**ASSIGNMENT:** Keep the pictures out while you transcribe the listing below exactly.

**TASK INPUTS:**

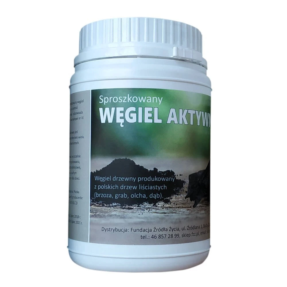 Węgiel drzewny produkowany z drzew liściastych (brzoza, grab, olcha, dąb). Węgiel aktywny jest doskonałym adsorbentem wielu związków chemicznych. Przechowywać w szczelnie zamkniętym opakowaniu, w temperaturze pokojowej, w miejscu suchym i niedostępnym dla dzieci. Kraj pochodzenia: Polska. Waga 500 gram.
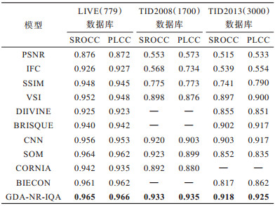为进一步验证GDA-NR-IQA的有效性,在LIVE、TID2008和TID2013这3种主流图像质量评价数据库中,实验对本文模型与PSNR、IFC、SSIM和VSI这4种FR-IQA模型以及DIIVINE[29]、BRISQUE、CNN、SOM、CORNIA和BIECON这6种代表性NR-IQA模型进行对比分析,结果如表 3所示。其中,最优结果加粗表示。从表 3可以看出,GDA-NR-IQA在3种数据集上的结果优于其他模型。从表中还可以看出,本文模型在LIVE数据库中评价结果的提升效果并不明显,而在TID2008与TID2013数据集中相比其他模型提升了1个百分点以上,这主要是因为LIVE数据库具有较少的失真图像数据量,在计算预测分数与主观评分之间的相关性时,由于测试样本过少使得模型的提升效果不显著,且该模型在后两种数据库中的评价结果则能更好地反映出模型整体性能的优越性。而针对本文提出的模型,发现其在TID2008和TID2013数据库中的相关性结果相比于LIVE数据库都出现了明显下降,这主要是因为前两种数据库的失真类型和失真图像的数量均远大于LIVE数据库,而GDA-NR-IQA在TID2013数据库中SROCC和PLCC也分别达到了0.918和0.925,相比于其他评价模型也提升了1.5个百分点以上,这表明GDA-NR-IQA在更加复杂的失真类型和更大的失真数据量下,也能够获得良好的精度。
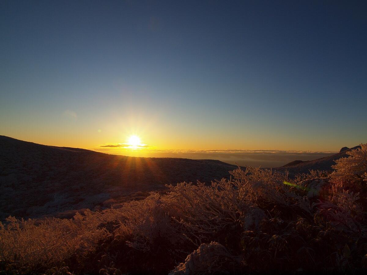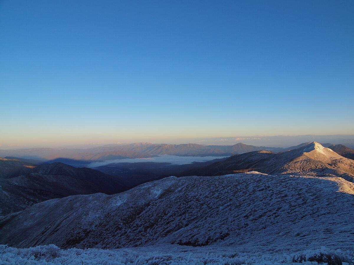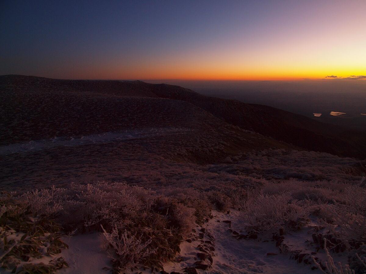 那須岳の稜線へ出たあたりで、空が明るくなってきました。
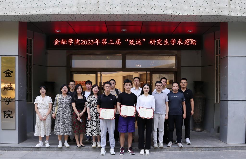 汇报阶段完成后,与会人员前往杏吧原创 学术报告厅为前期匿名评选出的五篇优秀论文作者颁奖。研究生刘梓森、何蓉、宋增梅、马世群、封超获得杏吧原创 2023年第三届“致远”研究生学术论坛优秀论文奖。杏吧原创 国际金融系主任尹智超为获奖同学颁发了荣誉证书。至此,杏吧原创 第三届“致远”研究生学术论坛圆满结束。
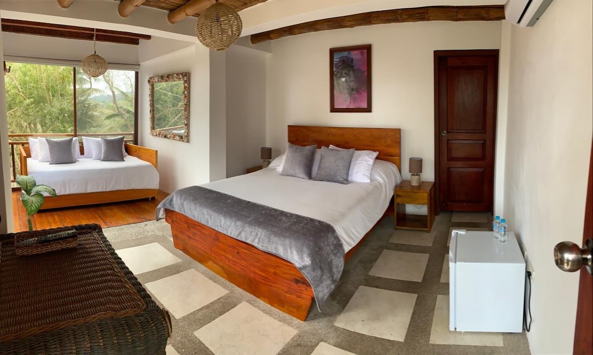 Spacious room with an ocean view and 3 Double beds. Immerse yourself in our award-winning bamboo tree house nestled in the sweet jungle, overlooking the legendary Surf Town of Ayampe, Ecuador! The perfect getaway to unplug, digitally detox or get creative and inspired by the natural surroundings and EPIC VIBES! Enjoy cooking delicious meals in our jungle kitchen!
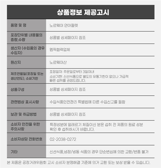 4. 「농수산물의 원산지 표시 등에 관한 법률」에 따른 원산지 | 노르웨이산 |
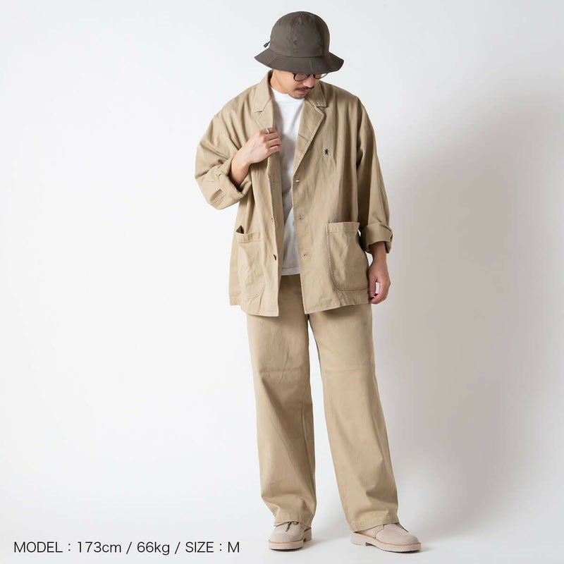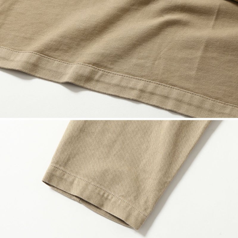 緩めに折り上げたツイル素材の裏面に起毛を施し、柔らかく落ち間のある新感覚のチノ素材に仕上げています。

**ANSWER SECTION:**
 Węgiel drzewny produkowany z drzew liściastych (brzoza, grab, olcha, dąb). Węgiel aktywny jest doskonałym adsorbentem wielu związków chemicznych. Przechowywać w szczelnie zamkniętym opakowaniu, w temperaturze pokojowej, w miejscu suchym i niedostępnym dla dzieci. Kraj pochodzenia: Polska. Waga 500 gram.
为进一步验证GDA-NR-IQA的有效性,在LIVE、TID2008和TID2013这3种主流图像质量评价数据库中,实验对本文模型与PSNR、IFC、SSIM和VSI这4种FR-IQA模型以及DIIVINE[29]、BRISQUE、CNN、SOM、CORNIA和BIECON这6种代表性NR-IQA模型进行对比分析,结果如表 3所示。其中,最优结果加粗表示。从表 3可以看出,GDA-NR-IQA在3种数据集上的结果优于其他模型。从表中还可以看出,本文模型在LIVE数据库中评价结果的提升效果并不明显,而在TID2008与TID2013数据集中相比其他模型提升了1个百分点以上,这主要是因为LIVE数据库具有较少的失真图像数据量,在计算预测分数与主观评分之间的相关性时,由于测试样本过少使得模型的提升效果不显著,且该模型在后两种数据库中的评价结果则能更好地反映出模型整体性能的优越性。而针对本文提出的模型,发现其在TID2008和TID2013数据库中的相关性结果相比于LIVE数据库都出现了明显下降,这主要是因为前两种数据库的失真类型和失真图像的数量均远大于LIVE数据库,而GDA-NR-IQA在TID2013数据库中SROCC和PLCC也分别达到了0.918和0.925,相比于其他评价模型也提升了1.5个百分点以上,这表明GDA-NR-IQA在更加复杂的失真类型和更大的失真数据量下,也能够获得良好的精度。
 那須岳の稜線へ出たあたりで、空が明るくなってきました。
 汇报阶段完成后,与会人员前往杏吧原创 学术报告厅为前期匿名评选出的五篇优秀论文作者颁奖。研究生刘梓森、何蓉、宋增梅、马世群、封超获得杏吧原创 2023年第三届“致远”研究生学术论坛优秀论文奖。杏吧原创 国际金融系主任尹智超为获奖同学颁发了荣誉证书。至此,杏吧原创 第三届“致远”研究生学术论坛圆满结束。
 Spacious room with an ocean view and 3 Double beds. Immerse yourself in our award-winning bamboo tree house nestled in the sweet jungle, overlooking the legendary Surf Town of Ayampe, Ecuador! The perfect getaway to unplug, digitally detox or get creative and inspired by the natural surroundings and EPIC VIBES! Enjoy cooking delicious meals in our jungle kitchen!
 4. 「농수산물의 원산지 표시 등에 관한 법률」에 따른 원산지 | 노르웨이산 |
 緩めに折り上げたツイル素材の裏面に起毛を施し、柔らかく落ち間のある新感覚のチノ素材に仕上げています。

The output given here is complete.